My environmental writing class had an absolutely wonderful morning chatting on Zoom with Dr. Robin Wall Kimmerer, author of Braiding Sweetgrass, about ecology and the writing process. Everyone's questions were great, and her responses were moving! Quick recap thread:
Dr. Kimmerer is a botanist, not a writer, by training. She suggested that scientific language can sometimes limit us by asserting there are right answers to describe something rather than letting us attune to the subject, such as a bee or flower, that we're interested in.
To describe her writing process, she said it's like pruning her grapevines. Too many branches and tangles won't allow the sun to ripen the fruit. Which ideas will you prune away? Which will you allow to flower and become sweet? I particularly loved this analogy.
An important question: how do we get people engaged with environmentalism? Kimmerer suggests we avoid apocalyptic language and hard data to focus on our own vulnerability, and use that to establish a sense of radical empathy with vulnerable species and habitats.

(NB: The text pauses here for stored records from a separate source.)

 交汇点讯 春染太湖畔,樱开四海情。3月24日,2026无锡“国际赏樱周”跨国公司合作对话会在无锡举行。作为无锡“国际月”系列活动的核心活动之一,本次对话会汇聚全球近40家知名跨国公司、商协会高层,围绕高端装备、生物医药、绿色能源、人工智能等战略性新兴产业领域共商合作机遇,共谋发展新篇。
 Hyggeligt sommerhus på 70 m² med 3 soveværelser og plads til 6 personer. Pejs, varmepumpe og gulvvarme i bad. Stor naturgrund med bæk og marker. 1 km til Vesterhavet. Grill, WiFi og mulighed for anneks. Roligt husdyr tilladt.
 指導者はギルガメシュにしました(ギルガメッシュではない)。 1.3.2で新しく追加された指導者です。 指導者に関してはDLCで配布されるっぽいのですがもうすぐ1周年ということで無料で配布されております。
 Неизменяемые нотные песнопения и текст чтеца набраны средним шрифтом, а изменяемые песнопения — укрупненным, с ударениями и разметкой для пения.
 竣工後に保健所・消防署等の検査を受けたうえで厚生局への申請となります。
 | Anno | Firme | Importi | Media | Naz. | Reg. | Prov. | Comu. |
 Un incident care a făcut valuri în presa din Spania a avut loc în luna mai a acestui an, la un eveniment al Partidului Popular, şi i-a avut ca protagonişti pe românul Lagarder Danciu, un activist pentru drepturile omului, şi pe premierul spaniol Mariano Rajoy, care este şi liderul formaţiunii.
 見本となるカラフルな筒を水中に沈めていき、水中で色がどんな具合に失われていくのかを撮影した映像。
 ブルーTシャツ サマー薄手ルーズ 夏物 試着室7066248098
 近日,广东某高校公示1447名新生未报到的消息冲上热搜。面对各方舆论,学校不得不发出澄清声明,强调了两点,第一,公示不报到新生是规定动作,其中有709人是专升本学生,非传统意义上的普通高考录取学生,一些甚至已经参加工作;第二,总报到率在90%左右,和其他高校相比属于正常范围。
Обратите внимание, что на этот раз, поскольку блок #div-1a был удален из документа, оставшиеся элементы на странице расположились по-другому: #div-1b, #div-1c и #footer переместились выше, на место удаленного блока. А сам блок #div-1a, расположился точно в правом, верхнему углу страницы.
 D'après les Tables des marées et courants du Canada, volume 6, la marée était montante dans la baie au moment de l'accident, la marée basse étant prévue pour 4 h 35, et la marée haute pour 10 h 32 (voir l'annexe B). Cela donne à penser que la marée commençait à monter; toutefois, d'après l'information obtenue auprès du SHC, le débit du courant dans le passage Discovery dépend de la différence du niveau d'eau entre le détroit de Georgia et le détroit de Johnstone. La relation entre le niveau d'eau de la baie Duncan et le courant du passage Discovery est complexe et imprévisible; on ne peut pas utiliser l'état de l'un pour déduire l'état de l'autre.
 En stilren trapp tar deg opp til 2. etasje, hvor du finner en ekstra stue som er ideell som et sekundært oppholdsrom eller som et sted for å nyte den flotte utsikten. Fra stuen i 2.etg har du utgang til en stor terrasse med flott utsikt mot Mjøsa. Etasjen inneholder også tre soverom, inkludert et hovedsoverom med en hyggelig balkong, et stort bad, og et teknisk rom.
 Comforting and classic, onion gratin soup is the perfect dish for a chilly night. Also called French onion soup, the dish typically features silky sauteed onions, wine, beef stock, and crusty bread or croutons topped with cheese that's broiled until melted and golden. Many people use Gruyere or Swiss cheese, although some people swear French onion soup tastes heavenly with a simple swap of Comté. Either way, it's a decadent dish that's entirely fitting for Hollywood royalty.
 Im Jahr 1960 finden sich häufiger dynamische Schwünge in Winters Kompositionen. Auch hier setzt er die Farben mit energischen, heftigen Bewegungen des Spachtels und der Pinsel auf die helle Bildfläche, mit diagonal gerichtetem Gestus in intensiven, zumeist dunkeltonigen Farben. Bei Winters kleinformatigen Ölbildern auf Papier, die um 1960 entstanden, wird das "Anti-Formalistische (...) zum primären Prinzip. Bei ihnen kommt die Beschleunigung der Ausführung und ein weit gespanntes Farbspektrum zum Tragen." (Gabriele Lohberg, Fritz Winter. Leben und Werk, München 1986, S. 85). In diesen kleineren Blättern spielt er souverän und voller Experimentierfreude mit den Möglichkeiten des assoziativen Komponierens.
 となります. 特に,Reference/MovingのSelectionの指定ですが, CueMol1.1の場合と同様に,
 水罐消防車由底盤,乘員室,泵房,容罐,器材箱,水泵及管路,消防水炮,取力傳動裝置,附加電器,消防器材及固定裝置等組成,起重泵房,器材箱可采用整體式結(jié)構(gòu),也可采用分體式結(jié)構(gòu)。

I asked her how we can avoid projecting ourselves and our own unique privileges onto our subject matter, and she responded that recognizing those privileges and being conscious of them can allow us to acknowledge it and be open about our own experiences and perspectives.
Finally, a point I found absolutely inspiring, there is a preciousness in how you see the world. Your unique perspective and lived experiences are enough, you don't need to be an authority on every subject. Understand that the way you see things is uniquely yours.
In conclusion, this Zoom chat made my entire week and I seriously almost cried it was such a great experience. I'm so grateful to my professor for setting this up! If you haven't read Kimmerer's books yet, I cannot recommend them enough.